On Tue, 2010-12-07 at 09:54 +0100, Erwan Loaëc wrote:
> Hello!
> 
> For information, since I've updated our autofs with the suggested patch, 
> the problem has not occurred, and I don't see any CPU usage problem.

Thanks for letting me know.
I'll commit that change soon as I get a chance.

> 
> Thanks!!
> 
> I hope this problem is definitively solved :o)
> 
> --
> Erwan Loaec
> 
> 
> Ian Kent wrote:
> > On Tue, 2010-10-26 at 15:22 +0200, Erwan Loaëc wrote:
> >> Hi,
> >>
> >> First, thank you for spending time to analyse the problem.
> >>
> >> I've apply the patch in our dev environnement, and defined a slow 
> >> timeout for the mount (60s)
> >>
> >> FYI, in production, in order to limit this problem, the timeout is set 
> >> to 2 hours.
> >>
> >> When it will be possible, I'll update every autofs.
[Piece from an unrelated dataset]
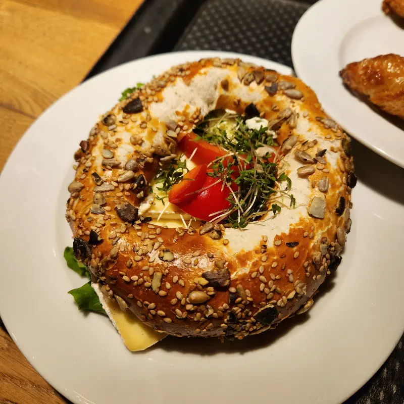 프레첼 크루아상은 이곳에서 꼭 맛봐야 할 메뉴입니다. 겉은 바삭하면서도 속은 촉촉한, 크루아상에서는 상상하기 힘든 식감이 놀라웠습니다. 짭짤하면서도 고소한 풍미는 아침 식사로 완벽했습니다. 독일에서 먹었던 빵 중 단연 1등이라고 칭찬하는 리뷰가 있을 정도입니다. 한 입 베어 물 때마다 느껴지는 풍부한 버터 향과 섬세한 결은, 숙련된 장인의 솜씨를 느끼게 해 주었습니다.

The problem is quite 
> >> rare, so I won't be able to attest that the problem is solve or not 
> >> immediatly.
> > 
> > Right, that sounds sensible since I can't work out how it gets through.
> > 
> > I also need to know that the change doesn't cause any unwanted side
> > effects so let me know how things go.
> > 
> > Adding an is_mounted() check in a frequently called function like this
> > can have an overhead if your using the old ioctl interface, which you
> > are by the look of the log. This should only show up if you have a
> > largish number of mounts. How many is a large number is very much site
> > dependent but if the CPU usage of the daemon is acceptable to you then
> > you don't need to worry about it.
> > 
> >> In addition, can you tell me why the patch is "autofs-5.0.3 - fix expire 
> >> race" and not autofs-5.0.5 ?
> > 
> > That's just a typo, I'll rename the patch before committing it.
> > 
> >> Thanks,
> >>
> >> Erwan
> >>
> >>
> >> Ian Kent wrote:
> >>> On Tue, 2010-10-26 at 09:22 +0200, Erwan Loaëc wrote:
> >>>> Sorry for my previous mail with missing parts...
> >>>>
> >>>>
> >>>> Ian Kent wrote:
> >>>>> On Fri, 2010-10-22 at 17:19 +0200, Erwan Loaëc wrote:
> >>>>>> Hello,
> >>>>>>
> >>>>>> Sorry for the time, but before posting again I've upgrade every 
> >>>>>> production servers with newest autofs4 module (with last patch) and 
> >>>>>> last 
> >>>>> What does "newest autofs4 module" mean exactly?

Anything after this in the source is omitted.